So it seems that the disaster-proofing is better in the current form - uninterrupted power supplies, hot backup servers ready to go, multiple network routes between hosts, etc. And then we only have to hope that our software is bug-free!

true... I can see problems for things like banking applications. But for 'simple' tasks which have to process csv files being delivered on a ftp site, perform hourly maintenance on files or db, etc etc. In that case it would be nice it it just would continue where it left off.
Anyhow... you touch some interesting points. It is definitely not easy to create such a language/system/framework.
would the simple tasks really need a much beyond a UPS and a 'retry until succeeding' logic in the upload script?
I bump into a lot of these cases. Going out of my way to have temp files and such to remember where I was in case of unforeseen problems. I also have code then which, by reading that file, can deduce where I was and what stuff has to be cleaned/continued
+2  A: 

Depending upon your definition of a disaster, it can range from 'difficult' to 'practicly impossible' to delegate this responsibility to the language.

Other examples given include persisting the current state of the application to NVRAM after each statement is executed. This only works so long as the computer doesn't get destroyed.

How would a language level feature know to restart the application on a new host?

And in the situation of restoring the application to a host - what if significant time had passed and assumptions/checks made previously were now invalid?

T-SQL, PL/SQL and other transactional languages are probably as close as you'll get to 'disaster proof' - they either succeed (and the data is saved), or they don't. Excluding disabling transactional isolation, it's difficult (but probably not impossible if you really try hard) to get into 'unknown' states.

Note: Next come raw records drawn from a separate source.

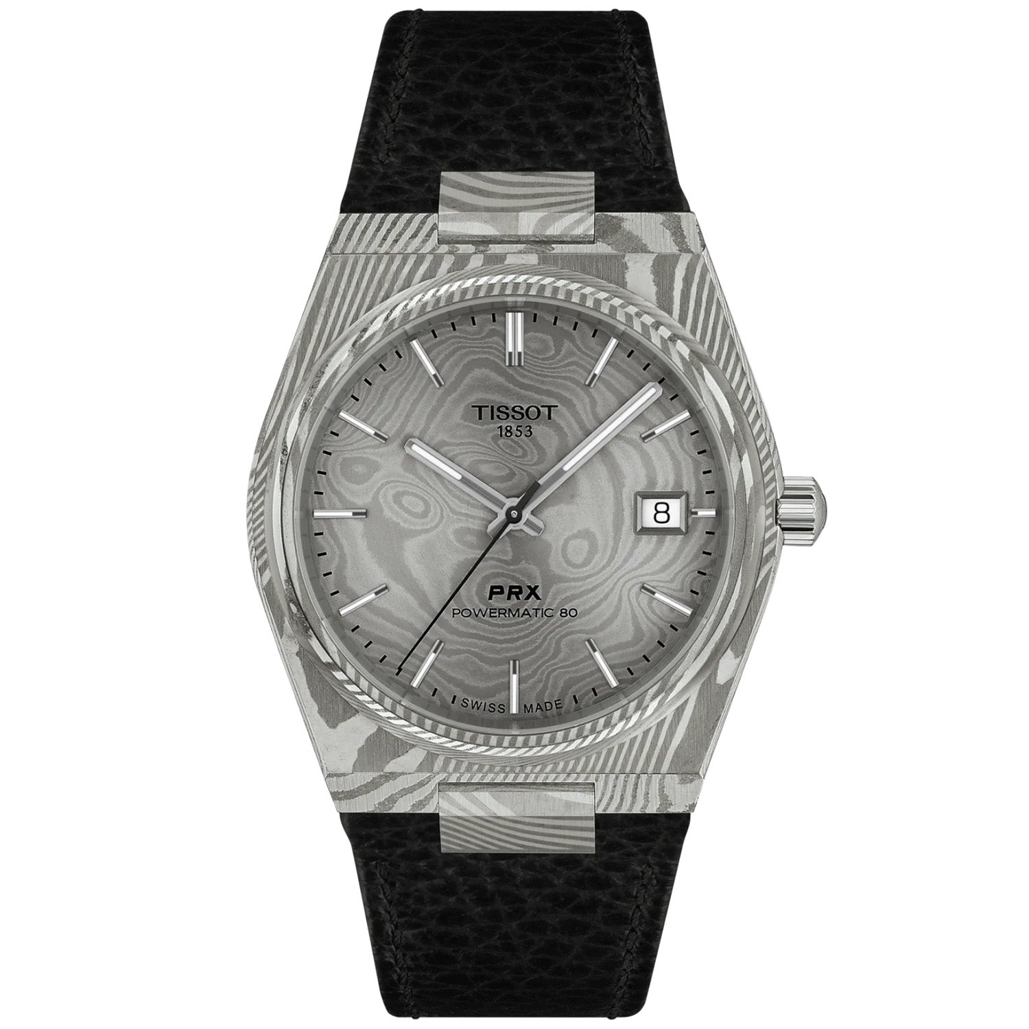 An icon reborn with cutting-edge material : marbled stainless steel Damascus. If you’re looking for a slim, smooth watch with an authentic ‘70s feel, look no further than the PRX Powermatic 80. Created for those with an eye for design and packed with twenty-first century features in a Tissot case shape from 1978, the PRX is a must-have on every watch fan’s wish list. The self-winding Powermatic 80 movement delivers reliability and precision thanks to the innovative Nivachron hairspring. With 80 hours of power reserve, it’s a modern movement designed to keep pace with busy lifestyles. It is this special steel that gives the dial and case their marbled effect. The leather strap is interchangeable and easy to open.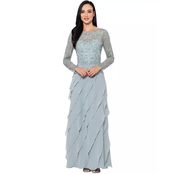 XSCAPE Women's Boat-Neck Long-Sleeve Sequin Dress Sage Green Size 6 NWT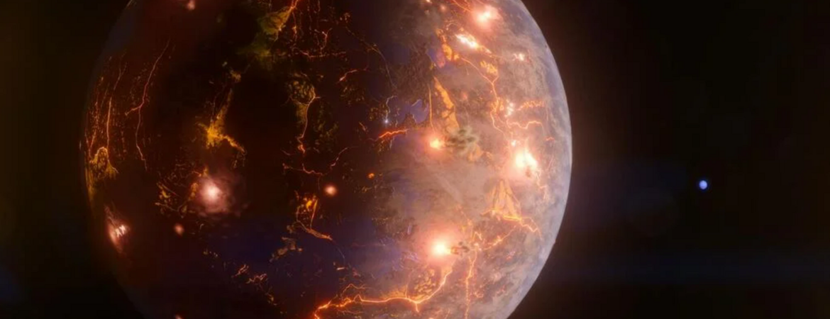 Imagine an Earth-sized planet that’s not at all Earth-like. Half this world is locked in permanent daytime, the other half in permanent night, and it’s carpeted with active volcanoes. Astronomers have discovered that planet.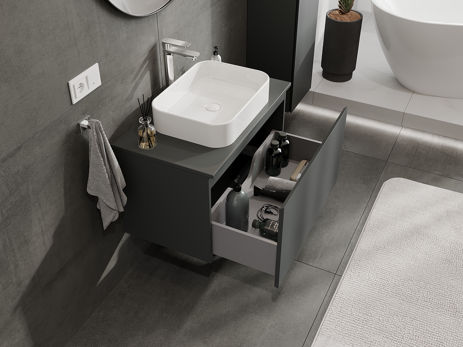 Mexen Orio kylpyhuoneen allaskaappi 80 cm, 1 laatikko, matta grafiitti - 91A10-08047-1-BF66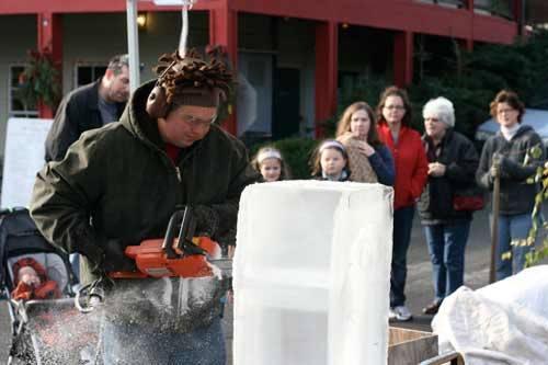 Artist David Westberg attracts a crowd as he begins to cut away on a block of ice during the “Taste of the Holidays” event Nov. 20 at Bothell’s Country Village. Westberg usually works with wood. It took only a few minutes before his icy nutcracker began to take shape.

You can use techniques like SQL Mirroring to ensure that writes are saved in atleast two locations concurrently before a transaction is committed.

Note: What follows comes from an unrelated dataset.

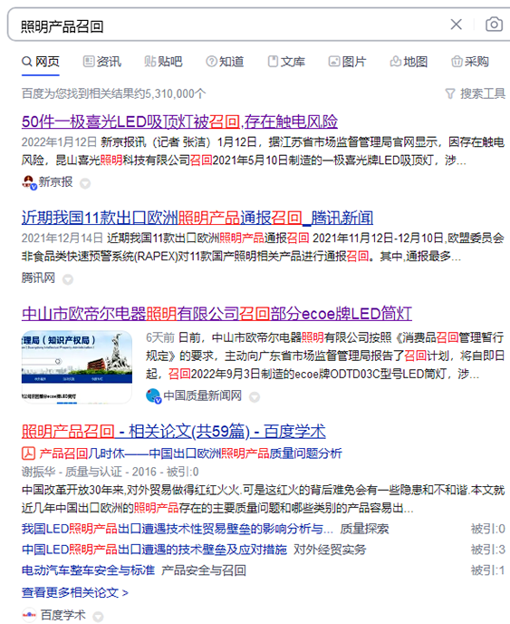 尽管目前电气行业召回事件相对比较少,其中作为电器产品的照明产品召回相对多点。照明产品召回原因大多涉及到安全问题。归纳起来主要有以下几个方面: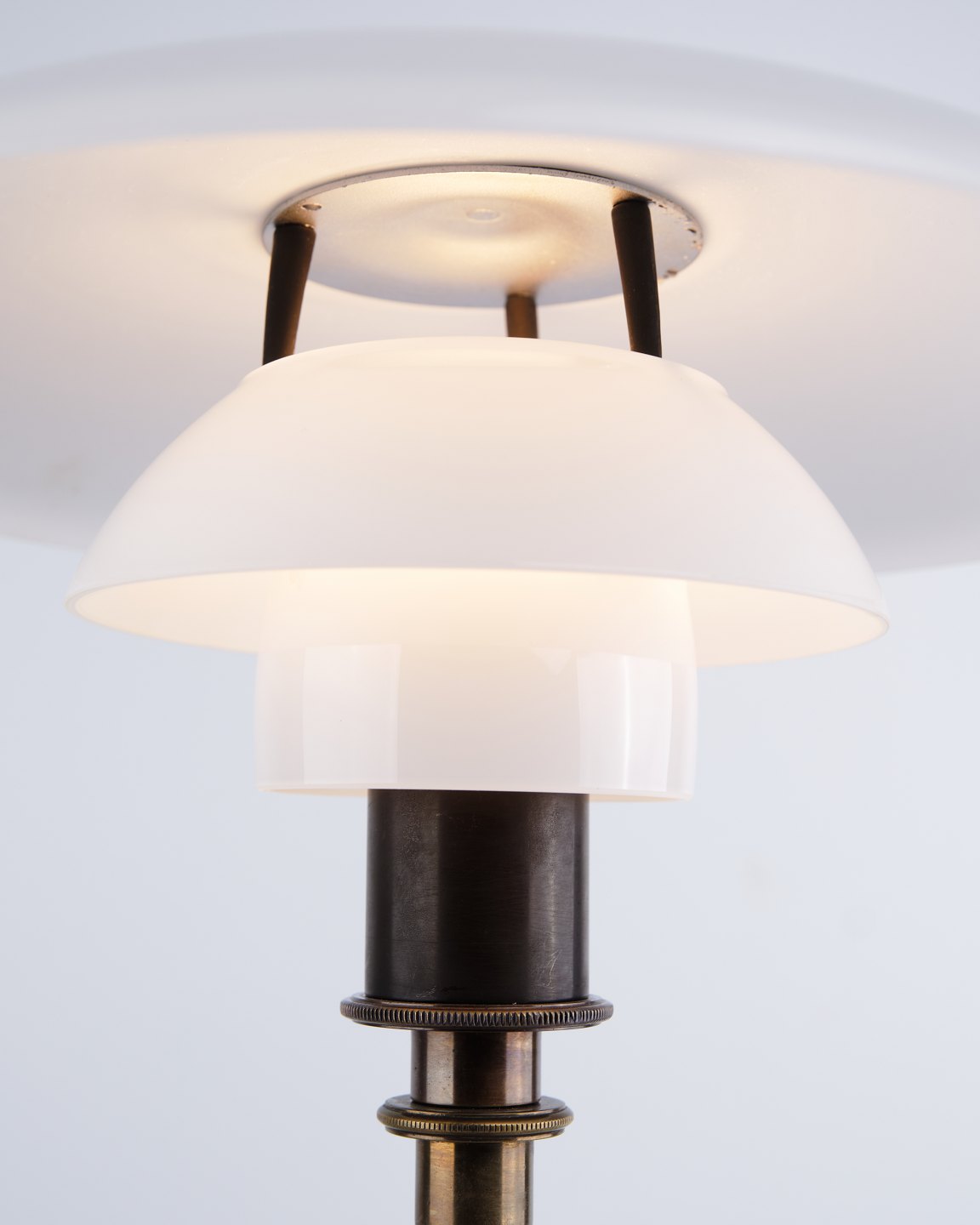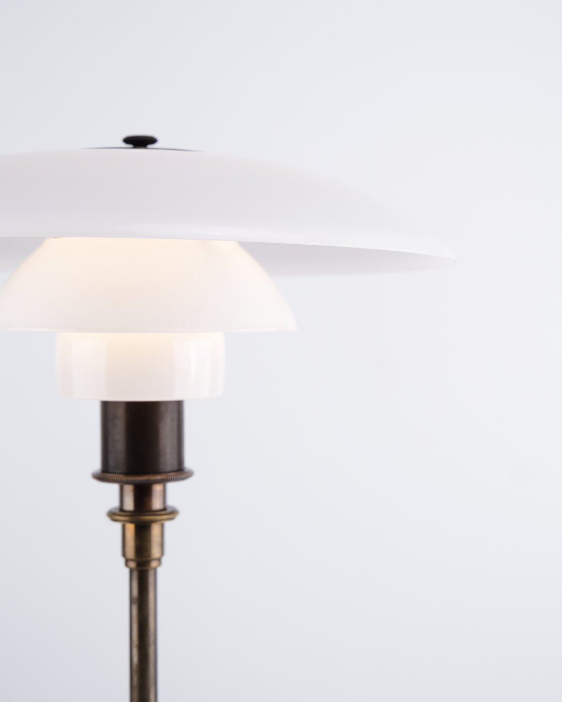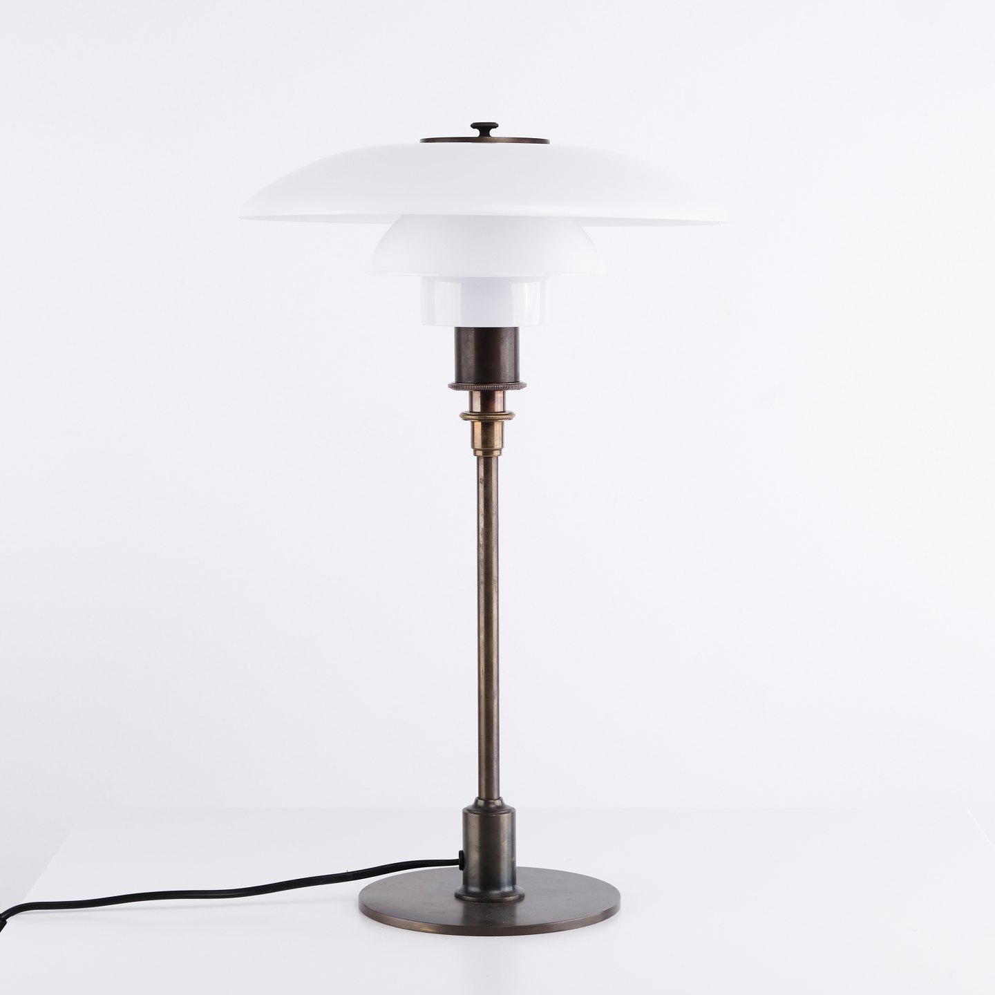 PH 3/2 Treph bordlampe designet af Poul Henningsen og udgivet som jubilæumsmodel i 1994 af Louis Poulsen. Lampen er udført med bruneret stel og klassiske skærme i hvidt opalglas, som sikrer et blødt og blændfrit lys. Det ikoniske treskærmssystem er udviklet for optimal lysfordeling og er et centralt element i Henningsens designfilosofi.

You still need to ensure you save your state every time it's safe (commit).

Will Hughes
+1  A: 

Precise answer:

Ada and SPARK were designed for maximum fault-tolerance and to move all bugs possible to compile-time rather than runtime. Ada was designed by the US Dept of Defense for military and aviation systems, running on embedded devices in such things as airplanes. Spark is its descendant. There's another language used in the early US space program, HAL/S geared to handling HARDWARE failure and memory corruption due to cosmic rays.

Practical answer:

I've never met anyone who can code Ada/Spark. For most users the best answer is SQL variants on a DBMS with automatic failover and clustering of servers. Integrity checks guarantee safety. Something like T-SQL or PL/SQL has full transactional security, is Turing-complete, and is pretty tolerant of problems.

Reason there isn't a better answer:

For performance reasons, you can't provide durability for every program operation. If you did, the processing would slow to the speed of your fastest nonvolative storage. At best, your performance will drop by a thousand or million fold, because of how much slower ANYTHING is than CPU caches or RAM.

It would be the equivalent of going from a Core 2 Duo CPU to the ancient 8086 CPU -- at most you could do a couple hundred operations per second. Except, this would be even SLOWER.

In cases where frequent power cycling or hardware failures exist, you use something like a DBMS, which guarantees ACID for every important operation. Or, you use hardware that has fast, nonvolatile storage (flash, for example) -- this is still much slower, but if the processing is simple, this is OK.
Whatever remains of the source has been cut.